According to the findings of a new study conducted by experts at Johns Hopkins Medicine, Next Generation Sequencing enables clinicians to rapidly and accurately identify a single pathogen from among hundreds of probable possibilities by continuously sequencing multiple DNA strands detected in patient samples.
The researchers compared the pathogen detecting ability of an NGS system — the Respiratory Pathogen Infectious Diseases/Antimicrobial Resistance Panel (RPIP) — with a previously studied NGS system and standard of care (SOC) diagnostic methods for samples obtained with bronchoalveolar lavage in a paper first published online on June 13, 2022, in the Journal of Clinical Microbiology of the American Society for Microbiology.
A bronchoscope is inserted through the mouth or nose into the lungs, and a fluid wash is collected for evaluation. According to the researchers, their investigation is one of the first to compare NGS and SOC diagnoses for respiratory infections.
“We evaluated two NGS diagnostic techniques, one of which was the RPIP, and found that in both cases, the ability of NGS to identify specific pathogens was nearly comparable to the battery of diagnostic tests clinicians have been using for decades,” says study senior author Patricia Simner, Ph.D., M.Sc., associate professor of pathology at Johns Hopkins University.
“While this indicates tremendous potential for the RPIP and NGS diagnostics in general, we believe that additional work is required to develop the technology before NGS can be regarded equivalent to or superior than existing SOC approaches.”
Simner and colleagues initially assessed the diagnostic capability of metagenomic NGS, a previously described workflow procedure in which all DNA recovered from a bronchoalveolar lavage is sequenced – including genetic material specific to the patient (the “host read” or “human read”) and the desired pathogen (the “microbial read”). By removing the host DNA, physicians may focus their search on the remaining genetic information in the hopes of finding the microbial read and, eventually, determining the source of the patient’s disease.

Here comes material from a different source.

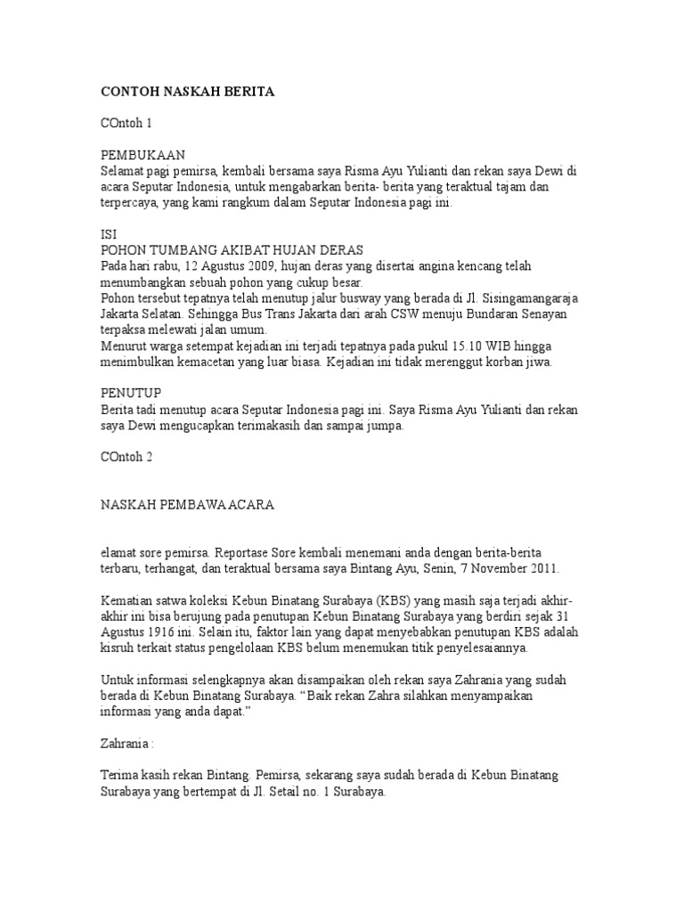 Contoh Naskah Berita Tv One Contoh Resource

The researchers used the RPIP system to test a different NGS method termed focused NGS in the second half of their experiment. As with metagenomic NGS, everything in the patient respiratory sample is sequenced, but capture probes — small segments of single-stranded DNA that correspond structurally to the DNA of certain diseases — are utilised to improve the searching ability.
“Using NGS to find pathogen genetic signatures is like searching for information on a specific topic in a library with a huge number of books,” says study lead author David Gaston, M.D., Ph.D., a former pathology fellow at the Johns Hopkins University School of Medicine who now works at Vanderbilt University Medical Center.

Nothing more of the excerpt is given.